When a user signs in to Backstage, inside the `claims` field of their Backstage
Token (which are standard JWT tokens) a special `ent` claim is set. `ent`
contains a list of
[entity references](../features/software-catalog/references.md), each of which
denotes an identity or a membership that is relevant to the user. There is no
guarantee that these correspond to actual existing catalog entities.
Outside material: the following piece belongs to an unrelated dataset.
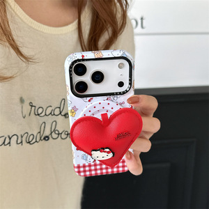 磁吸-红白格纹波点眨眼KT猫 壳+立体皮纹红色爱心KT猫支架

Let's take an example sign-in resolver for the Google auth provider and explore
how the `ent` field inside `claims` can be set.

Inside your `packages/backend/src/plugins/auth.ts` file, you can provide custom
sign-in resolvers and set them for any of the Authentication providers inside
`providerFactories` of the `createRouter` imported from the
`@backstage/plugin-auth-backend` plugin.

```ts
export default async function createPlugin({
  ...
}: PluginEnvironment): Promise<Router> {
  return await createRouter({
    ...
    providerFactories: {
      google: createGoogleProvider({
        signIn: {
          resolver: async ({ profile: { email } }, ctx) => {
            // Call a custom validator function that checks that the email is
            // valid and on our own company's domain, and throws an Error if it
            // isn't
            validateEmail(email);

            // List of entity references that denote the identity and
            // membership of the user
            const ent = [];

            // Let's use the username in the email ID as the user's default
            // unique identifier inside Backstage.
            const [id] = email.split('@');
            ent.push(`User:default/${id}`)

            // Let's call the internal LDAP provider to get a list of groups
            // that the user belongs to, and add those to the list as well
            const ldapGroups = await getLdapGroups(email);
            ldapGroups.forEach(group => ent.push(`Group:default/${group}`))

            // Issue the token containing the entity claims
            const token = await ctx.tokenIssuer.issueToken({
              claims: { sub: id, ent },
            });
            return { id, token };
          },
        },
      }),
    },
  });
}
```

As you can see, the generated Backstage Token now contains all the claims about
the identity and membership of the user. Once the sign-in process is complete,
and we need to find out if a user owns an Entity in the Software Catalog, these
`ent` claims can be used to determine the ownership.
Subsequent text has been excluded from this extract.